Let $A$ be a ring, $\operatorname{Spec}(A) = \{ \mathfrak{p} \mid \mathfrak{p}\textrm{ is a prime ideal of }A\}.$ Given an ideal $I$ of $A$, define $V(I) = \{ \mathfrak{p} \in \operatorname{Spec}(A) \mid \mathfrak{p} \supset I \}.$ Recall that the radical of $I$ is defined as $\sqrt{I} = \{ a \in A \mid a^n \in I\textrm{ for some }n\in\Bbb N\} $ and the radical of $A$ is defined by $\sqrt{A} = \sqrt{\{0\}}.$ With these definitions I want to prove:
"If $\operatorname{Spec}(A) = V(\sqrt{A}),$ then $\operatorname{Spec}(A) =\{ \{ 0 \} \}$," or
"If $\operatorname{Spec}(A) = V(\sqrt{A}),$ then $\operatorname{Spec}(A) =V(\{ 0 \} ).$"

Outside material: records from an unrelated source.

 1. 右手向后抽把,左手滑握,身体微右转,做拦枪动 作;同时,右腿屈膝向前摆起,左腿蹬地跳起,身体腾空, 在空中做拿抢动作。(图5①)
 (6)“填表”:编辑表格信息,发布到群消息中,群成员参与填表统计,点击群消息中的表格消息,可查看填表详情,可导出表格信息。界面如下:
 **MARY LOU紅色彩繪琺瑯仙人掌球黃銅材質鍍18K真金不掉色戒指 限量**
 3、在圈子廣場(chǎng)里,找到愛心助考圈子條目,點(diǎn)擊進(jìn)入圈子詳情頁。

I don't know if these statements are true, however I tried to prove them using only the definitions above and was not able to succeed.

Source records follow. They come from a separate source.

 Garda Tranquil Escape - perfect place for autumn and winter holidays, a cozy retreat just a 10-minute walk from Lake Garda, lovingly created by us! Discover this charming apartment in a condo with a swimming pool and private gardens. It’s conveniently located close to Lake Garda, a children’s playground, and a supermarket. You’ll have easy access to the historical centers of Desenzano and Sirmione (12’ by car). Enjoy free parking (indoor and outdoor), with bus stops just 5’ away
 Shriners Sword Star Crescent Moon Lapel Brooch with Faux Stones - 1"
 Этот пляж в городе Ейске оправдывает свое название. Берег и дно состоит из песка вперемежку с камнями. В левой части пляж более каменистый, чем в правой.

Is there some counterexample, and if not, can I get help for the proof?
thanks.
You should be able to find the following in more detail in any standard text on algebraic geometry.
It is always true that $\operatorname{Spec}(A) = V\left(\sqrt{(0)}\right),$ so the "if" part of each statement is always satisfied. This is because $\sqrt{(0)}$ consists of the nilpotent elements of $A,$ and every prime ideal must contain all nilpotents of the ring.

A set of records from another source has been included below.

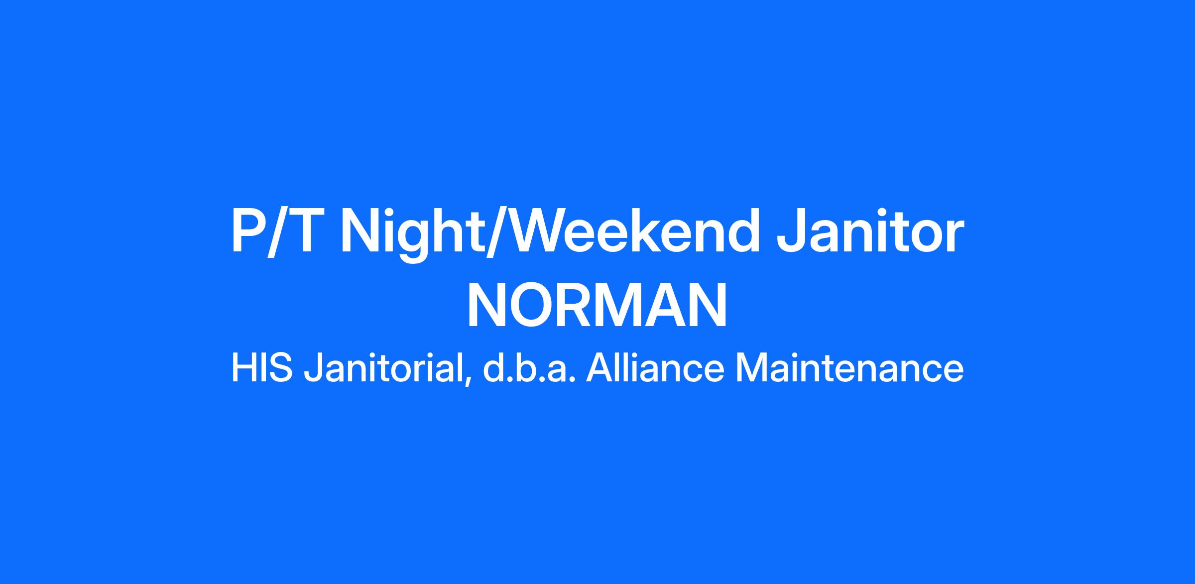 We are a commercial cleaning company looking for responsible individuals to clean buildings during evenings and weekends. Job duties are performing routine commercial cleaning including but not limited to, sweeping, mopping, restroom cleaning, dusting, etc... We pride ourselves on treating our employees with respect and dignity. We pay on-time by direct deposit twice monthly. If you are wanting a company to help you find a flexible schedule that meets your needs please APPLY NOW for our immediate openings. We do conduct full criminal background checks. Starting pay is $15.00 per hr.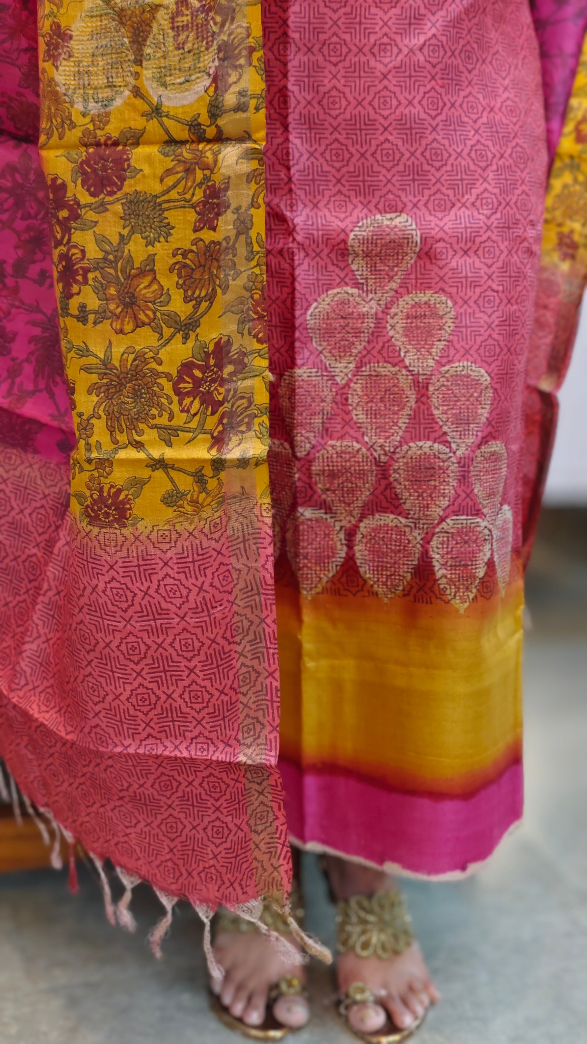 Floral printed tussar silk dupatta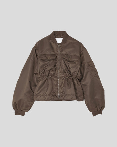 Brun jakke med lynlås og sort monogram print. 100% Recycled Polyamide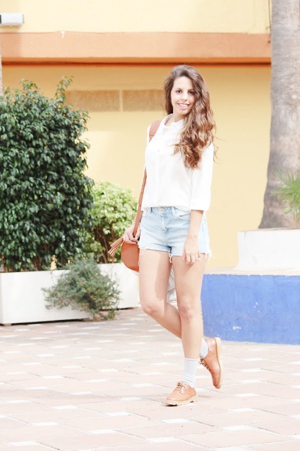 Hola cositas bonitas! Por aquí estoy un jueves más ☺ A pesar de estar en primavera el tiempo es bastante raro... Un día hace sol, otro nublado... no sabe una que ponerse ya. En esta ocasión os enseño un outfit básico pero a la vez chic. Usé unos jeans rotos con una camisa blanca de mi chico, bastante grande, sí, pero me encanta ponerme sus camisas, a vosotras también os pasa? La combiné con una ch ...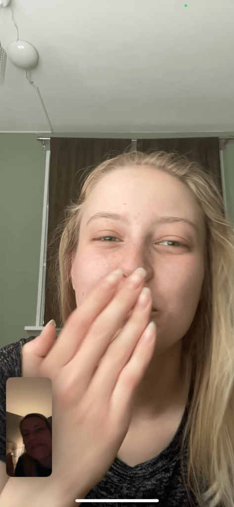Födelsedagen på tisdagmorgonen firades med skönsång och Tove på FaceTime.
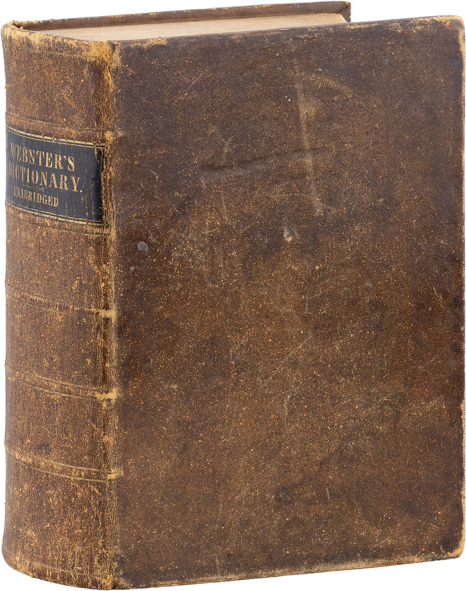 Springfield: George and Charles Merriam, 1854. Thick, heavy quarto. Original full sheep with morocco spine labels; pink printed endpapers; lxxxiv,1366,(1)pp; engraved frontispiece portrait. Text in triple column. The endpapers are printed with testimonials and adverts for Webster's works. Slight overall rubbing, but no structural damage, to the binding; occasional foxing within; old damp-stain with mild rippling to final three leaves; early, decorative hand-colored illustration laid down to verso of front endpaper; in all, a sound and attractive copy in the original binding, Very Good. Later bookplate of James G. Mead to front flyleaf.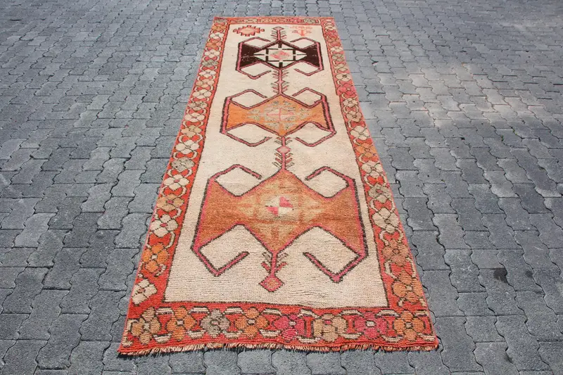 3,4x10,6 ft Beige Camouflage Rug, Chic Red Accents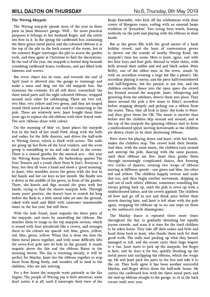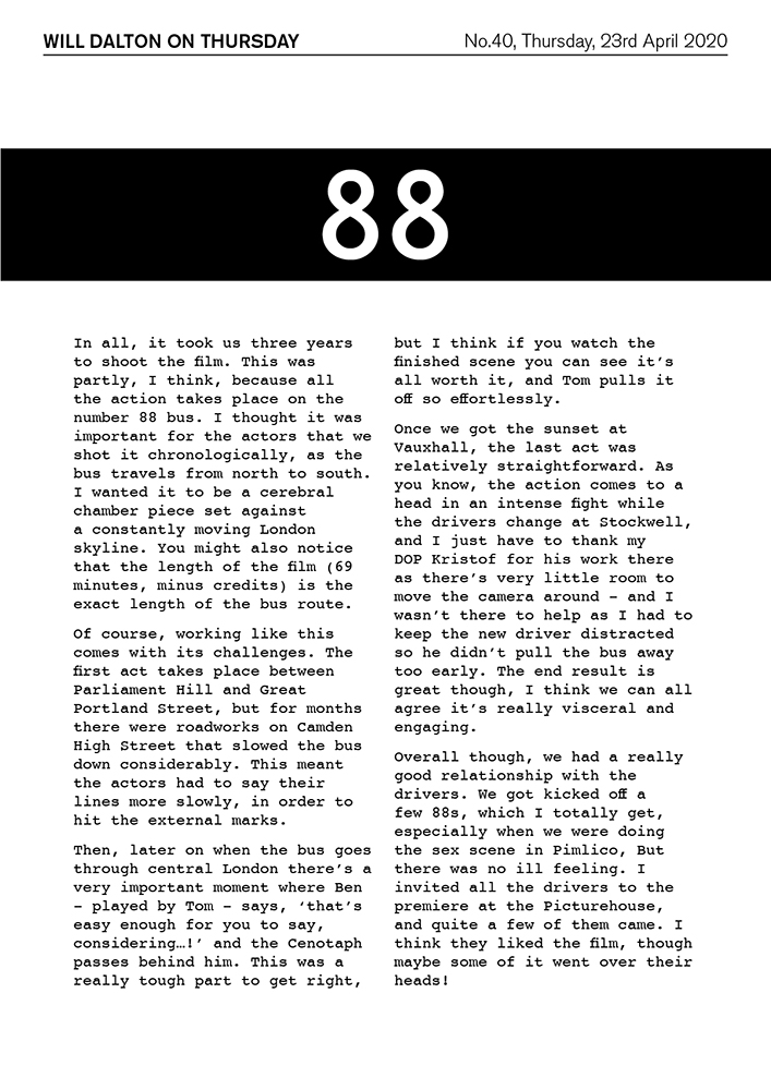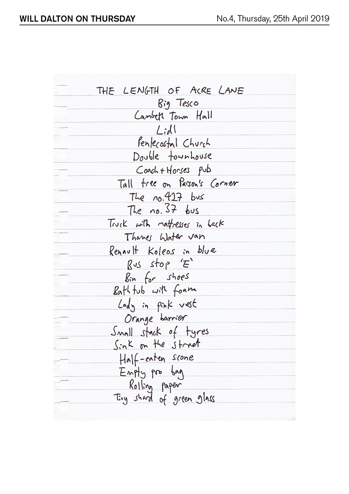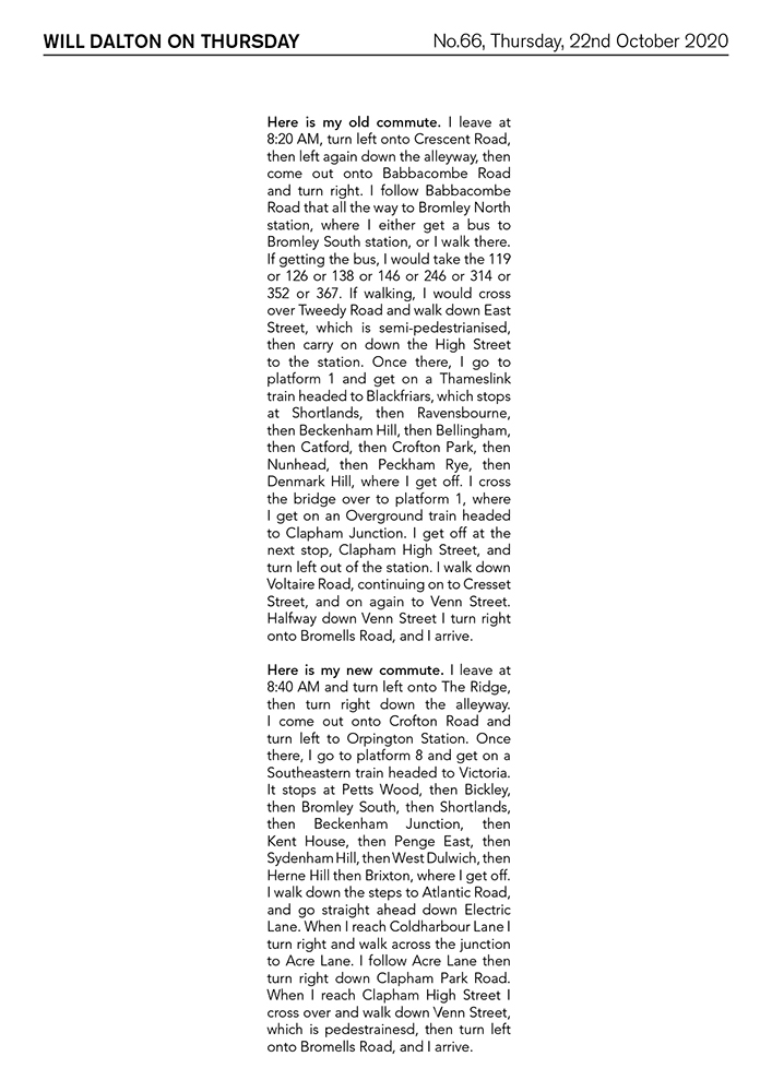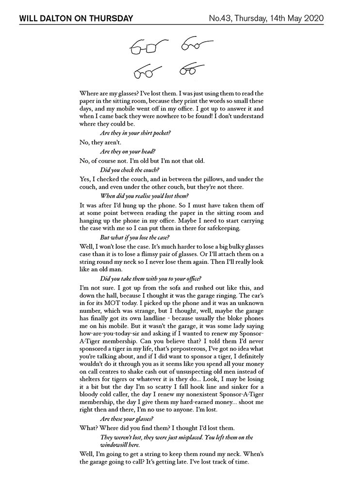 Between 2019 and 2021 I published a weekly newsletter every Thursday, appropriately called Will Dalton on Thursday. A reimagining of the newsletters I used to distribute among my friends when I was a child, I wanted a time-dependent format that would encourage me to create new work, or be a place to document ongoing projects. The brief was simple: there had to be writing on the front and images on the back.

So, we have a counterexample to your first statement: take any ring which is not a field. This ring necessarily has a maximal ideal $\mathfrak{m}$ if it is not the zero ring, and as $A$ is not a field, $\mathfrak{m}\neq (0).$ If $A$ is the zero ring, it has no prime ideals at all, so that is also a counterexample.
Your second statement boils down to the claim $\operatorname{Spec}(A) = V\left(\sqrt{(0)}\right) = V((0)).$ This is true; note that $0$ is the only element of $(0).$ As every prime ideal of $A$ necessarily contains $0,$ we have the desired equality.
More generally, if $I$ is an ideal, then $I\subseteq\sqrt{I},$ so that $V(\sqrt{I})\subseteq V(I)$ (if $\mathfrak{p}\supseteq\sqrt{I},$ then $\mathfrak{p}\supseteq I$ as well). In fact, $V(\sqrt{I}) = V(I).$ Indeed, let $a\in \sqrt{I},$ and suppose $\mathfrak{p}\supseteq I.$ Then $a^n\in I$ for some $n,$ thus $a^n\in\mathfrak{p}.$ But this implies that $a\in\mathfrak{p}$!